R/knndm.R

Defines functions distclust_proj distclust_geo knndm

Documented in knndm

#' [EXPERIMENTAL] K-fold Nearest Neighbour Distance Matching
#' @description
#' This function implements the kNNDM algorithm and returns the necessary
#' indices to perform a k-fold NNDM CV for map validation.
#'
#' @author Carles MilĂ  and Jan Linnenbrink
#' @param tpoints sf or sfc point object. Contains the training points samples.
#' @param modeldomain sf polygon object defining the prediction area (see Details).
#' @param ppoints sf or sfc point object. Contains the target prediction points. Optional. Alternative to modeldomain (see Details).
#' @param k integer. Number of folds desired for CV. Defaults to 10.
#' @param maxp numeric. Maximum fold size allowed, defaults to 0.5, i.e. a single fold can hold a maximum of half of the training points.

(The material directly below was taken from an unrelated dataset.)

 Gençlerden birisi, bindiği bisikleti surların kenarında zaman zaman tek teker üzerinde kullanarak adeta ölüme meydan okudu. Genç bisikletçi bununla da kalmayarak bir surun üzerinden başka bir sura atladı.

#' @param clustering character. Possible values include "hierarchical" and "kmeans". See details.
#' @param linkf character. Only relevant if clustering = "hierarchical". Link function for agglomerative hierarchical clustering.
#' Defaults to "ward.D2". Check `stats::hclust` for other options.

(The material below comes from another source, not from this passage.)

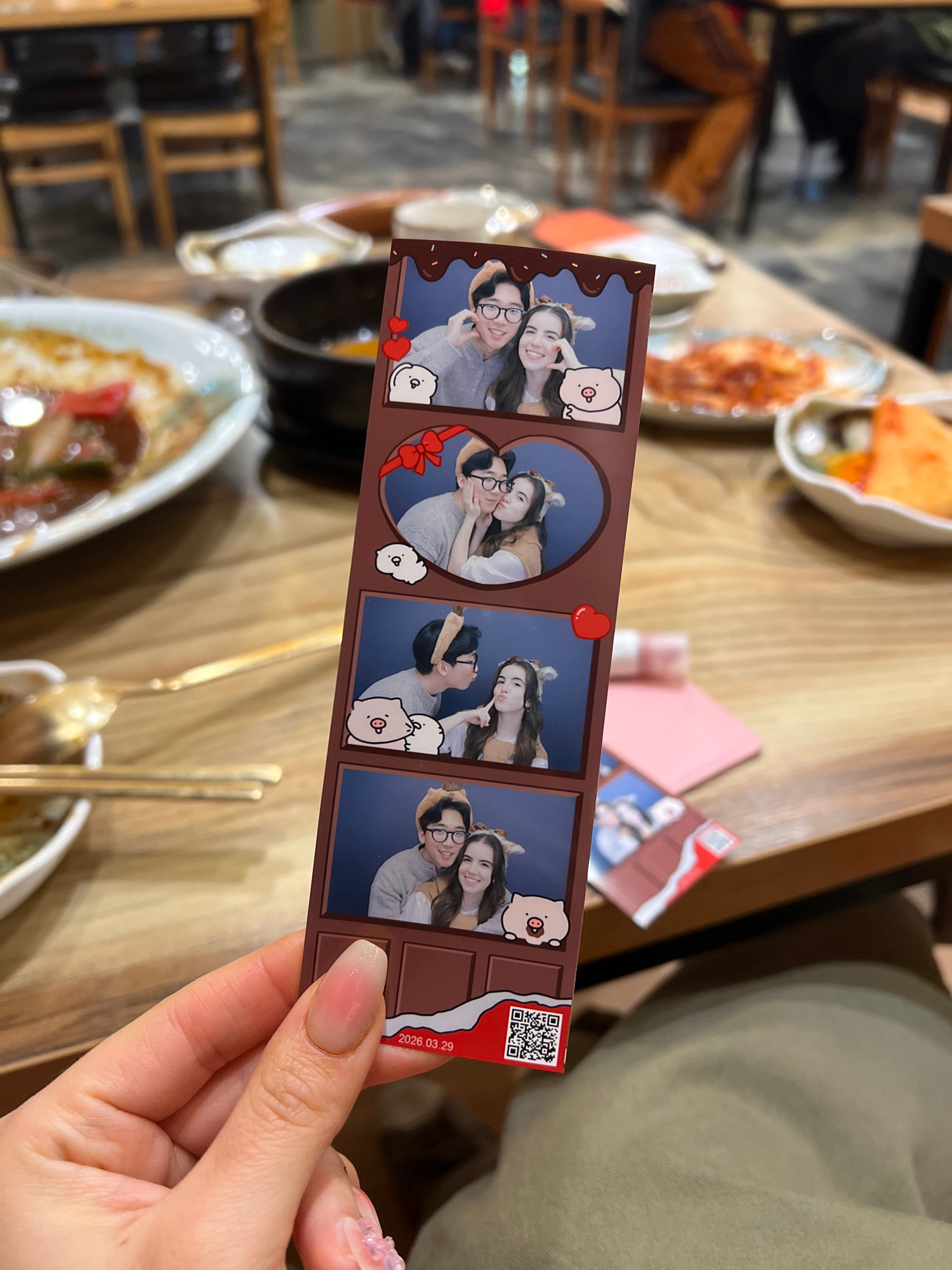 A hand holds a photo strip depicting a couple in various poses, adorned with cartoon pig and bear ears, suggesting a fun, playful setting. The strip is framed in a chocolate bar design and features a…read more

#' @param samplesize numeric. How many points in the modeldomain should be sampled as prediction points?
#' Only required if modeldomain is used instead of ppoints.
#' @param sampling character. How to draw prediction points from the modeldomain? See `sf::st_sample`.

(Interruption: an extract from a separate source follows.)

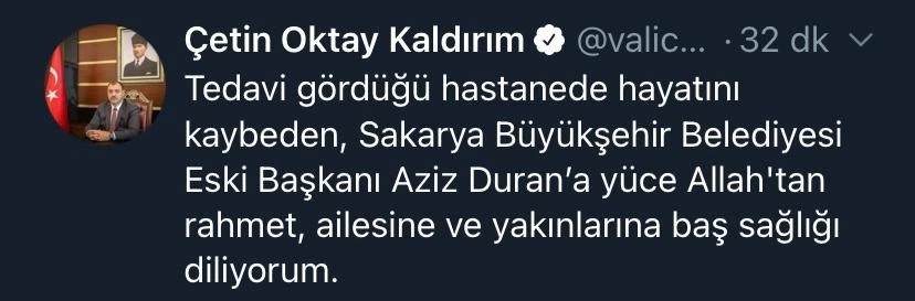 Öte yandan, eski başkan Duran’ın ölümü ailesi ve sevenleri başta olmak üzere bütün Sakarya’yı yasa boğdu.

#' Only required if modeldomain is used instead of ppoints.
#'
#' @return An object of class \emph{knndm} consisting of a list of seven elements:
#' indx_train, indx_test (indices of the observations to use as
#' training/test data in each kNNDM CV iteration), Gij (distances for
#' G function construction between prediction and target points), Gj
#' (distances for G function construction during LOO CV), Gjstar (distances
#' for modified G function during kNNDM CV), clusters (list of cluster IDs), and
#' W (Wasserstein statistic).
#'
#' @details
#' knndm is a k-fold version of NNDM LOO CV for medium and large datasets. Brielfy, the algorithm tries to
#' find a k-fold configuration such that the integral of the absolute differences (Wasserstein W statistic)
#' between the empirical nearest neighbour distance distribution function between the test and training data during CV (Gj*),
#' and the empirical nearest neighbour distance distribution function between the prediction and training points (Gij),
#' is minimised. It does so by performing clustering of the training points' coordinates for different numbers of
#' clusters that range from k to N (number of observations), merging them into k final folds,
#' and selecting the configuration with the lowest W.
#'
#' Using a projected CRS in `knndm` has large computational advantages since fast nearest neighbour search can be
#' done via the `FNN` package, while working with geographic coordinates requires computing the full
#' spherical distance matrices. As a clustering algorithm, `kmeans` can only be used for
#' projected CRS while `hierarchical` can work with both projected and geographical coordinates, though it requires
#' calculating the full distance matrix of the training points even for a projected CRS.
#'
#' In order to select between clustering algorithms and number of folds `k`, different `knndm` configurations can be run
#' and compared, being the one with a lower W statistic the one that offers a better match. W statistics between `knndm`
#' runs are comparable as long as `tpoints` and `ppoints` or `modeldomain` stay the same.
#'
#' Map validation using knndm should be used using `CAST::global_validation`, i.e. by stacking all out-of-sample
#' predictions and evaluating them all at once. The reasons behind this are 1) The resulting folds can be
#' unbalanced and 2) nearest neighbour functions are constructed and matched using all CV folds simultaneously.
#'
#' If training data points are very clustered with respect to the prediction area and the presented knndm
#' configuration still show signs of Gj* > Gij, there are several things that can be tried. First, increase
#' the `maxp` parameter; this may help to control for strong clustering (at the cost of having unbalanced folds).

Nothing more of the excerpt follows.